Analysis of Ice Phenology of Middle and Large Lakes on the Tibetan Plateau

Sensors 2023, 23(3), 1661; https://doi.org/10.3390/s23031661
by Lijun Sun 1,2, Binbin Wang 1,2,3,4,*, Yaoming Ma 1,2,3,4,5,6,*, Xingdong Shi 2,5 and Yan Wang 7
Reviewer 2:
Sensors 2023, 23(3), 1661; https://doi.org/10.3390/s23031661
Submission received: 17 December 2022 / Revised: 28 January 2023 / Accepted: 31 January 2023 / Published: 2 February 2023

Round 1

Reviewer 1 Report

Authors must emphasize the value of observing ice from space and its significance as a good indicator of climate change in the introduction section.

When comparing optical and microwave remote sensing, authors must consider the advantages and disadvantages of each technique.

Authors also require addressing what is the significant of e the lake ice phenology investigation of the Tibetan Plateau.

In the introduction section, authors are required to address advanced image processing algorithm such as genetic algorithm for ice phenology detection, especially in microwave remote sensing data. I suggest the following reference to be added:

Marghany M. Introductory Chapter: Automatic Detection of Ice Covers in Airborne Radar Data Using Genetic Algorithm. In Recent Remote Sensing Sensor Applications-Satellites and Unmanned Aerial Vehicles (UAVs) 2022 Oct 26. Intech Open.

It does not address probably the novelty of this work.

How were the brightness temperature filters created by authors? This assertion is ambiguous. Another equation serving as an index in the fluctuations of the ice phenology parameters is required to correlate with equations 1 and 2.

Therefore, it is not clear how curves Y1 and Y4 are used to determine 204 FUS, and curves Y2 and Y3 are used to determine BUE. Equations 3 to 6 are not clear!
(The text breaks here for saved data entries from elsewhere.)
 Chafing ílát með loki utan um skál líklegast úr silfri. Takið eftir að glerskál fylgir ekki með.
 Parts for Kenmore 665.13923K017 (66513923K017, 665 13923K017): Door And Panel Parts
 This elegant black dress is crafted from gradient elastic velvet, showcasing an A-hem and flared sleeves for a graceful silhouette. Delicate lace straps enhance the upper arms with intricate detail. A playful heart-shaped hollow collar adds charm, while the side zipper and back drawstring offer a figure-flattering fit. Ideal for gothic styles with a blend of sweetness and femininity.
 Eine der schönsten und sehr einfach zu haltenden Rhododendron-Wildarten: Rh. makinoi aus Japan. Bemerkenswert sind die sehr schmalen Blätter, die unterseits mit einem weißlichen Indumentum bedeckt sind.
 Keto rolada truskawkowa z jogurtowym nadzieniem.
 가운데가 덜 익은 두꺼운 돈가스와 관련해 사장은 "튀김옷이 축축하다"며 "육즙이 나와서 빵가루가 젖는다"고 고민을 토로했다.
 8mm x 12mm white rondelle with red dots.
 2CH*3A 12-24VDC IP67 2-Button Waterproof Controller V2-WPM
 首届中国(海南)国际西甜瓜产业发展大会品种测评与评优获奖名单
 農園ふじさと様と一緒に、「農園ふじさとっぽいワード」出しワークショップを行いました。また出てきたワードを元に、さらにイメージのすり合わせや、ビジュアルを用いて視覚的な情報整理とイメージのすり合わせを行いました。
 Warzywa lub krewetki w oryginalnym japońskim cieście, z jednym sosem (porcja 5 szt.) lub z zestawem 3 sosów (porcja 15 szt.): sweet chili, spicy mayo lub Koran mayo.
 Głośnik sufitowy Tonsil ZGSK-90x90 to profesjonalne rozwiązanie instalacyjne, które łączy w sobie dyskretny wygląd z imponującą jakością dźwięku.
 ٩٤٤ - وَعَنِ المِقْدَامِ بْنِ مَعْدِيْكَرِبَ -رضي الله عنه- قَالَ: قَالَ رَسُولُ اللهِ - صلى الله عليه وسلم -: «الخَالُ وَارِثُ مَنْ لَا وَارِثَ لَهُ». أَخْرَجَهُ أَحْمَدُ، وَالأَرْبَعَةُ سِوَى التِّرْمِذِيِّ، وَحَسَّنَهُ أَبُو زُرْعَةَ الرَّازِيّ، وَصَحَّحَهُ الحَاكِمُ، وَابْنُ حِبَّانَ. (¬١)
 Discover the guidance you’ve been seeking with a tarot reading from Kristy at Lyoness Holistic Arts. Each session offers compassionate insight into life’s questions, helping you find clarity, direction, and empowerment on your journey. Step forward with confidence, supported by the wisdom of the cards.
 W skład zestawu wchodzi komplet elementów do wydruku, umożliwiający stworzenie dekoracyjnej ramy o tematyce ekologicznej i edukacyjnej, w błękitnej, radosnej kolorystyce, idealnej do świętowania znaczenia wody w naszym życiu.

The authors are required to establish such a boundary conditions criteria to determine the dynamic fluctuations of the ice phenology as a function of brightness temperature. 

How to correlate logically equation 7 by equations 1 to 6?

Authors are required to show the output of remote sensing data is used with implementations of equations 1 to 6. In addition, authors are required to show advanced approach to get the accuracy of this work using the receiver operating characteristic (ROC) technique. 

I cannot accept the manuscript for publication until all the aforementioned comments are solved.

Author Response

Dear Reviewer:

Please see the attachment and please find the reversion of sensors-2136083 “Analysis of ice phenology of middle and large lakes on the Tibetan Plateau” by Lijun Sun, Binbin Wang, Yaoming Ma, Xingdong Shi, Yan Wang.

We really appreciate the constructive comments from you to improve our revision. We have revised the manuscript accordingly. The detailed, point-by-point response to the review comments in the Revision Note file(author-coverletter-25781150.v2.pdf).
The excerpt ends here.